Besides, who doesn't like rag dolling? I played through HL2 just so I could toss bodies around with the gravity gun. :)

Re:Why use a GPU, use a PPU

[jandrese]

I think the point is that this is for games where the bottleneck is in the CPU and the graphics card is sitting idle half of the time. By pulling 10% of the graphics card's resources to physics calculations, you could offload enough of the work from the CPU that it could keep the rest of the card completely fed and see a framerateimprovement with no additional hardware or loss in video quality.

Slashdotted - How wide are the floats?

[mosel-saar-ruwer]

What ever happened to the hype about dedicated physics chips?

The original article appears to be slashdotted.

So could somebody tell me how wide the floats are in this "SLI" engine? [I don't even know what "SLI" stands for.]

AFAIK, nVidia [like IBM/Sony "cell"] uses only 32-bit single-precision floats [and, as bad as that is, ATi uses only 24-bit "three-quarters"-precision floats].

What math/physics/chemistry/engineering types need is as much precision as possible - preferably 128 bits.

Why? Because the stuff they are modelling tends to be highly non-linear and the calculations tend to be highly unstable.

32-bits isn't even enough to give integer granularity up to 16 million:

16777216 + 0 = 16777216
16777216 + 1 = 16777216
16777216 + 2 = 16777218
16777216 + 3 = 16777220
16777216 + 4 = 16777220
16777216 + 5 = 16777220
16777216 + 6 = 16777222
16777216 + 7 = 16777224
16777216 + 8 = 16777224
16777216 + 9 = 16777224
16777216 + 10 = 16777226
16777216 + 11 = 16777228
16777216 + 12 = 16777228
16777216 + 13 = 16777228
16777216 + 14 = 16777230
16777216 + 15 = 16777232
16777216 + 16 = 16777232
16777216 + 17 = 16777232
16777216 + 18 = 16777234
16777216 + 19 = 16777236
16777216 + 20 = 16777236
16777216 + 21 = 16777236
16777216 + 22 = 16777238
16777216 + 23 = 16777240
etc

Re:This is a bad idea

[Warlokk]

I have 2 6600GT's SLI'd... the first cost me about $175, the 2nd was about $130. You don't necessarily have to buy the super-expensive cards to do SLI. Even today, you could buy a pair of 7600's for about $400, and those are brand new.

Re:Before people get too excited...

Nope. Nvidia cripple their Consumer level cards to 800mb/s readback rate. You need to upgrade to a Quadro level card to get full duplex PCIe speeds.

Re:Old School is new again?

Well, you're not wrong per se...

There has been a constant battle over the last 20 years over who gets to do the processing, the CPU or dedicated chips. Although right now it may seem like multiple special-purpose chips may seem to have decisively won, these things go in cycles. The major, largely forgotten contribution of the Macintosh is to replace the modest CPU plus multiple support chips that were common in computers of that day (C64, Atari 16bit, Lisa, Xerox, Apple IIgs) with a blazingly fast 8 MHz CPU and a bare minimum of support chips.

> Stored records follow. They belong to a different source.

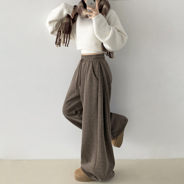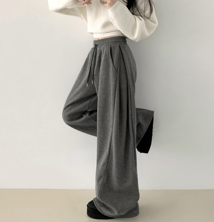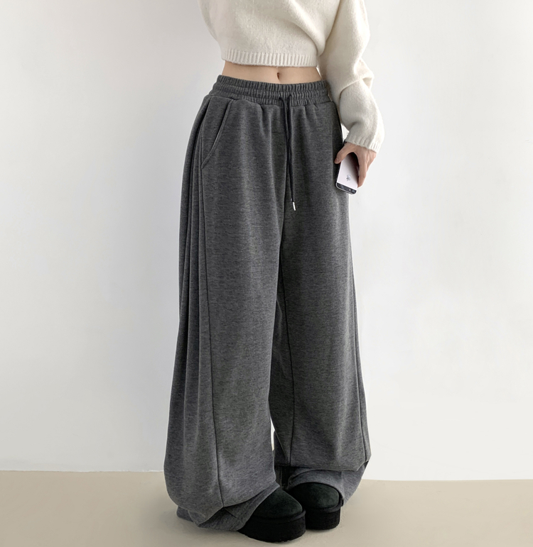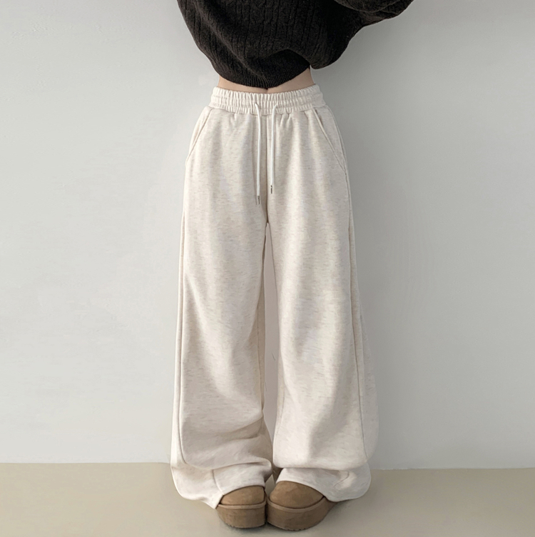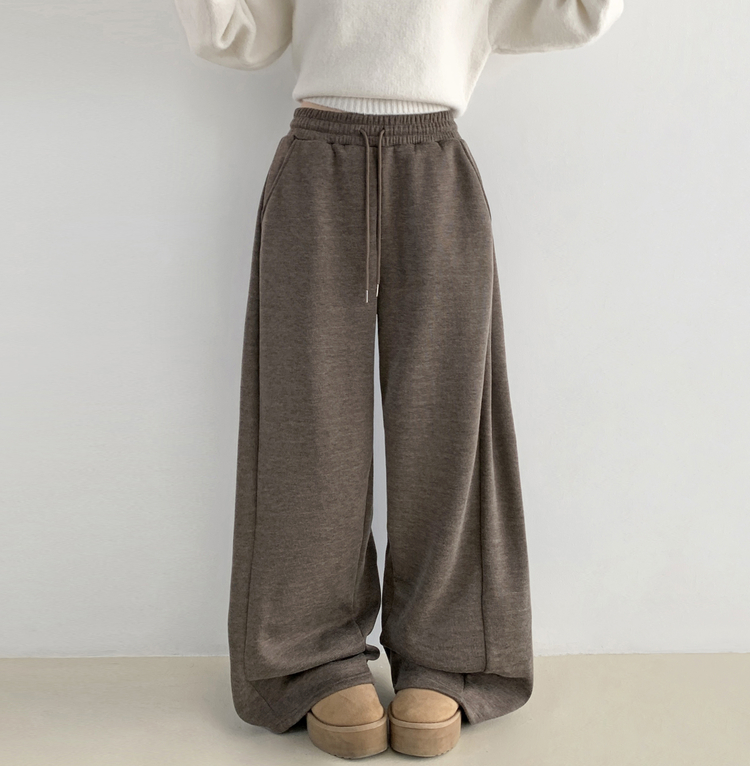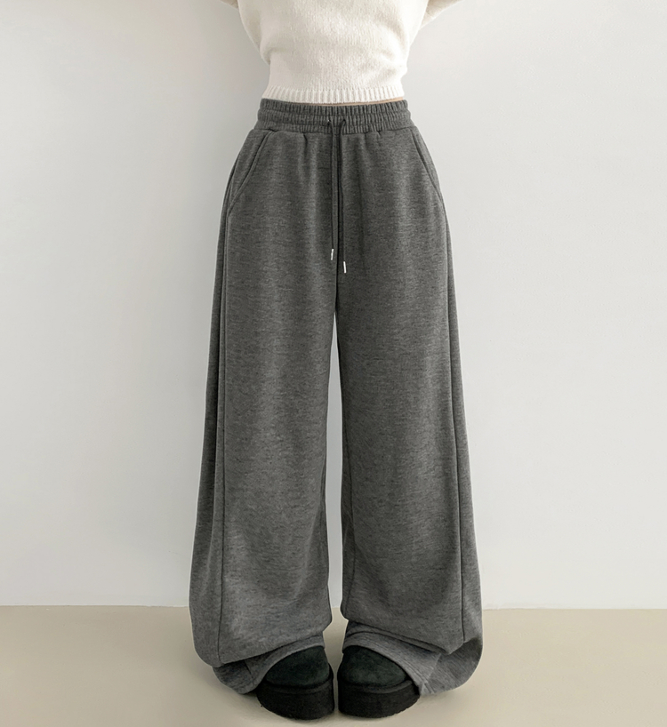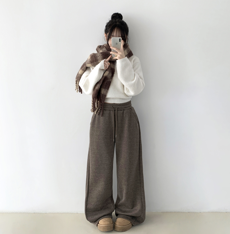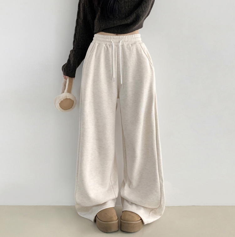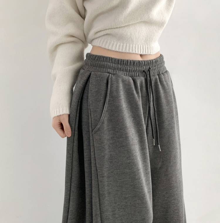 STR5512 히버 니트 사이드 핀턱 와이드 기모 밴딩 트레이닝 팬츠
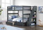 Introducing the Bunk Bed Grey-B 1856, a high-capacity double-over-double bunk system that combines robust Mission-style construction with contemporary grey styling. Designed for versatility and strength, this solid wood bed features a reversible staircase with integrated shelves and supports optional add-ons, creating a durable, space-efficient, and customizable sleep solution perfect for shared adult rooms, vacation homes, or high-demand family spaces.
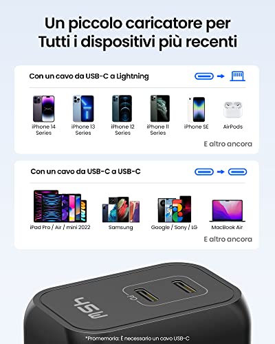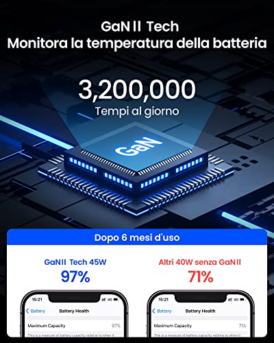 ✅【GaN 45W Velocizza La Ricarica】 GaN 45W soddisfa con successo anche il fabbisogno energetico massimo dei dispositivi più recenti, alimenta iPhone 14 fino all'89% o Samsung S22 Ultra fino al 92% in soli 30 minuti, ed alimenta MacBook Air al 71% con 1 ora carica, ma altri 20 W ottengono solo il 37%.
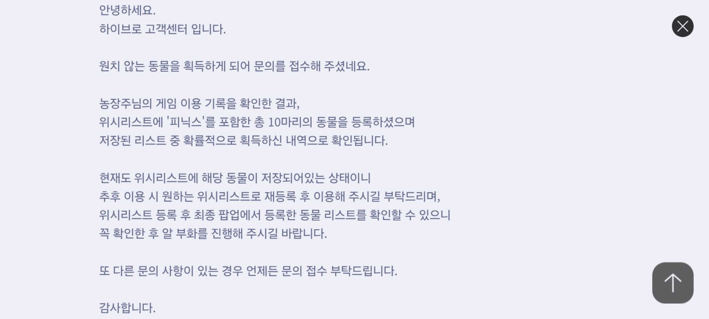 신규 전설 노리고 황금알부터 알까서 위시리스트 저장하면서 알뽑은건데… 이전 위시리스트 적용되었는지 피닉스 중복으로 나와서 왜 위시리스트 저장이 미적용된건지 문의했는데 답변이 이렇게 왔네요??
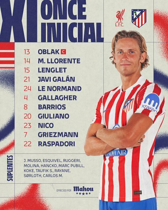 «Атлетіко»: Облак – Галан, Ленгле, Ле Норман, Льоренте – Гонсалес (Пубіль, 76), Галлагер (Моліна, 61), Барріос, Сімеоне – Грізманн (Серлот, 61), Распадорі (Коке, 53).
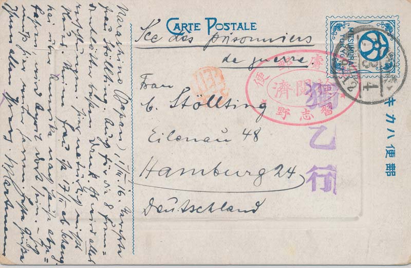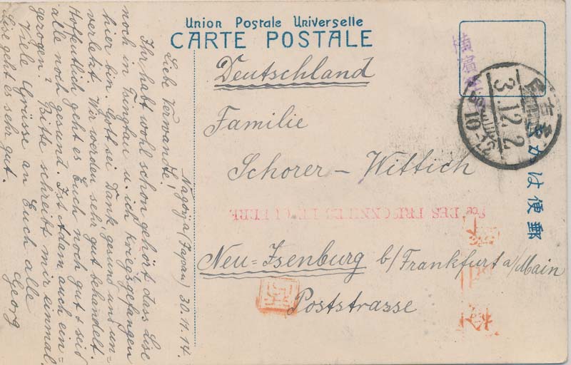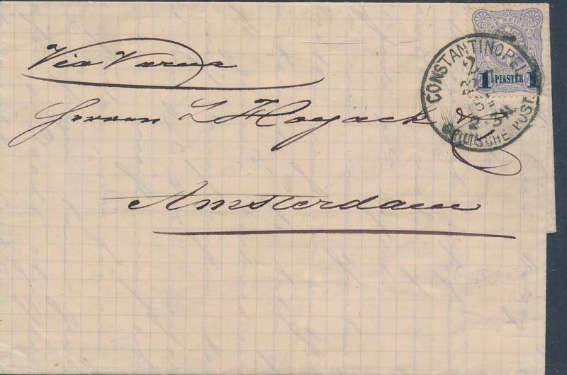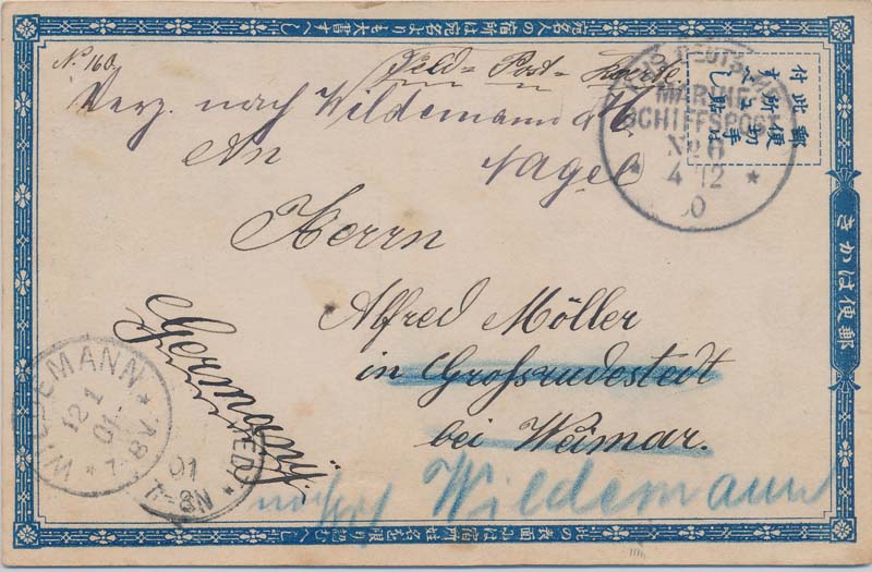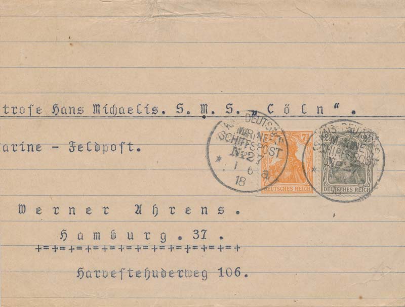 DR 2½ u. 7½ Pf. Germania zusammen auf Streifband mit 2 glasklaren Stpl. "K.D.M.S. No27" vom 1.6.18 nach Hamburg, Abs. Matrose Hans Michaelis S.M.S. "CÖLN" Marken Mängel aber seltene Verwendung! |
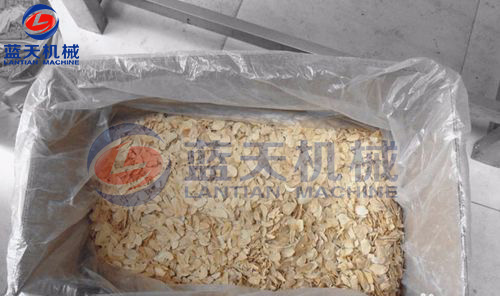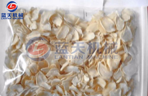 烘干完成的優質蒜片呈米白色,平展完整,無碎片。烘干完成,待蒜片溫度至常溫后,將蒜片裝入塑料袋中,使干蒜片間的水分均衡,時間約24-48小時。

By comparison, the Lisa cost five times as much as the first Mac, and only ran at 5 MHz. Although it seems strange now, at the time, the benefits of a fast CPU were not considered to be all that great. This model gained ascendency with the IBM PC when it became clear that the support chips paradigm had large backwards compatibility problems, for example when the massive sales and huge install base of the C64 failed to carry over to the Amiga.

In IBM land, Intel went on to wage a decades-long battle to have the CPU do everything. At one time, sound cards, network cards and modems were complex beasts that did a lot of processing that the CPU couldn't handle. Rapid advances in CPU speed lead to things like win-modems, simpler sounds cards (without the awesome wavetable and midi stuff), and networks cards that weren't, like an early ATM card I had, more powerful than the CPU. So, for awhile it seemed that the highly CPU-centric model was here to stay.

Right now, it seems the pendulum is swinging the other way, but I wouldn't dare to make a prediction about 10 years from now. The PC business can be screwy...

- Apostate

Re:The PURE EVIL contained in modern graphics card

[temojen]

Does he have this concern with soundcards, HDD controllers and network cards too? They've all got DMA capability, coprocessors, and firmware. Network cards even have network connectivity, making them potentially WAY more dangerous than a video card.